Ask the average modern person about life in the Middle Ages, and you get a few stock facts that everyone knows.

No one bathed. Everyone threw waste into the street. No one could read. They thought the world was flat. The Spanish Inquisition burned witches. The Catholic Church stamped out learning. Rulers used barbaric torture devices like the Iron Maiden. Even certain musical chords were banned as Satanic.

Of course, the Middle Ages saw a great deal of turmoil, from barbarian invasions to plagues, but we lump these things together in our minds into a single moment, forgetting that they took place over a thousand years.

It would be like thinking of the Holocaust, the atom bombing of Hiroshima, the genocides of Stalin and Mao and the September 11 attacks as all taking place in a single year, to the same people.

Most of what we believe are exaggerations. We have many records and illustrations of people bathing throughout the Middle Ages.

Cities like London had regulations against throwing waste into streets, and harsh penalties for offenders. About half the population could read and write, wrote Seb Falk in ***The Light Ages***.

Medieval people knew the world was round long before Columbus, and no chords were ever banned. Most of the torture devices we now see in museums were made up centuries later to wow the tourists.

Not only did the Church never stamp out learning, but it kept the literature of the Greeks and Romans alive, mostly in Ireland and a few other places.

They actively taught them to students, sometimes including girls, leading to the first universities.

We think of the inquisition as the ultimate byword for fundamentalist tyranny, but – aside from the fact that they appeared after the Middle Ages, in the Renaissance – they were a much more rational and tolerant organisation than we imagine.

They were the court system of the Spanish Empire, and most of the cases they tried were for real crimes, like murder or robbery.
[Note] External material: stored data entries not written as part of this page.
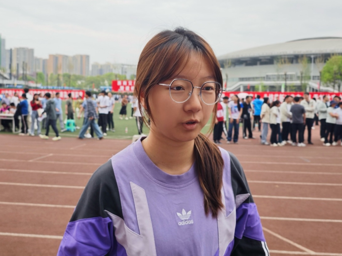 高倩茹:我想说的是,幕后人员真的非常辛苦。在筹备比赛阶段和比赛过程中,他们付出了大量的努力和汗水。我已经坚守岗位一天半了,深知其中的不易。同时,看台上的观众也非常热情,他们带着鼓、拍手器和队旗,为运动员们加油助威。虽然他们没有直接参与到比赛中,但正是他们的热情和支持,营造出了如此热烈的比赛氛围,正是大家共同的付出和支持,让本次运动会更加精彩难忘!
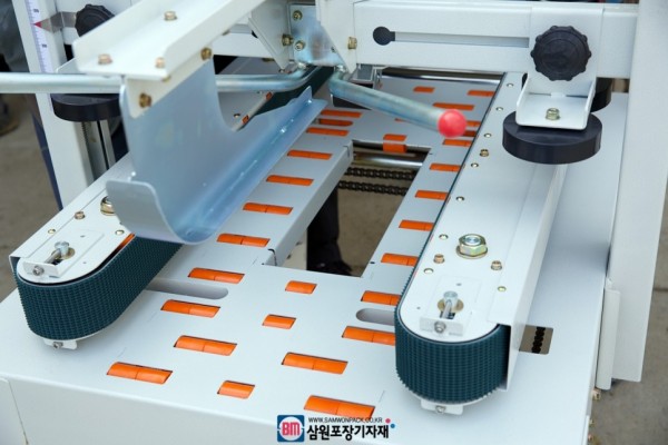 박스의 폭, 높이에 따른 사이즈조절을 핸들로 하는 반자동탭핑기는 삼원포장에서 매주같이 출고될정도로 인기가 많은 포장기계로
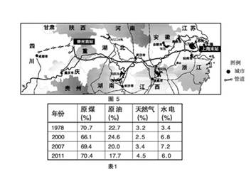 4、单选题 川气东送(下图)被列为继三峡工程、西气东输、青藏铁路、南水北调之后的中国第五大工程,该工程西起四川普光气田,东至上海市。表1为我国能源消费结构(%)表。据此回答问题。
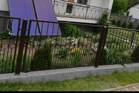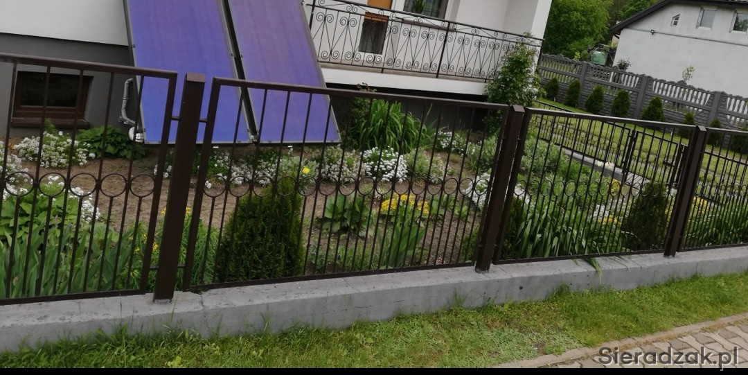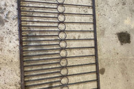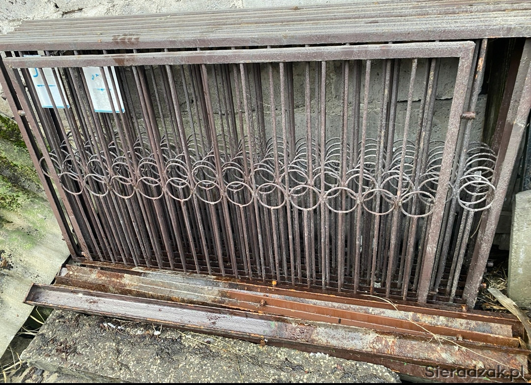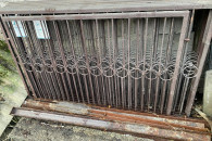 Używany, płot z metalowymi elementami dekoracyjnymi. Może być wykorzystany jako element ogrodzenia lub dekoracji.
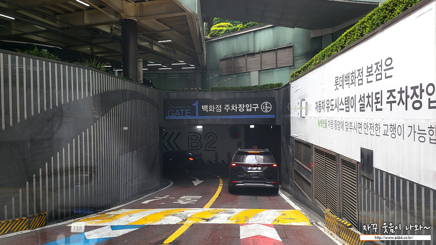 본점 주차장은 돌고돌아 지하로 이동합니다. 지상은 롯데백화점 VIP 대상으로 운영되는 것 같고요. 일반 방문객은 지하로 안내 받습니다. 이 또한 아래로 아래로 이동합니다.

They allowed accused thirty days to prepare a defence, they allowed prosecuting and defence arguments, they allowed alibis and character witnesses.

They stopped a great deal of witch hysteria; when someone was accused of witchcraft, they demanded evidence.

They acquitted most people who came before them or gave only light punishments.

If we divide their total number of executions by the years they operated, they actually executed fewer people per year on average than the state of Texas does today, even adjusting for population.

We could take similar myths in every other era up to our own. Feminists didn’t burn any bras in the 1960s; that was an urban legend.

Few or no people panicked during the War of the Worlds broadcast in 1938. Stockbrokers didn’t actually jump out of windows when the Great Depression hit. There were few bloody gunfights in the Old West. Turns out, people in any era just aren’t that stupid.

Of course, one can cite many examples of injustice in the past, for the past outnumbers the present by something like a million to one, and injustice is by definition what history records. If it’s not tragic, we don’t hear about it.

Yet most people’s lives, most of the time, don’t consist of death and violence any more than our lives do – if they had, our species would never have survived. “Civilization is a stream with banks,” historian Will Durant once said. “The stream is sometimes filled with blood from people killing, stealing, shouting and doing the things historians usually record, while on the banks, unnoticed, people build homes, make love, raise children, sing songs, write poetry and even whittle statues. The story of civilization is the story of what happened on the banks. Historians ... ignore the banks for the river.”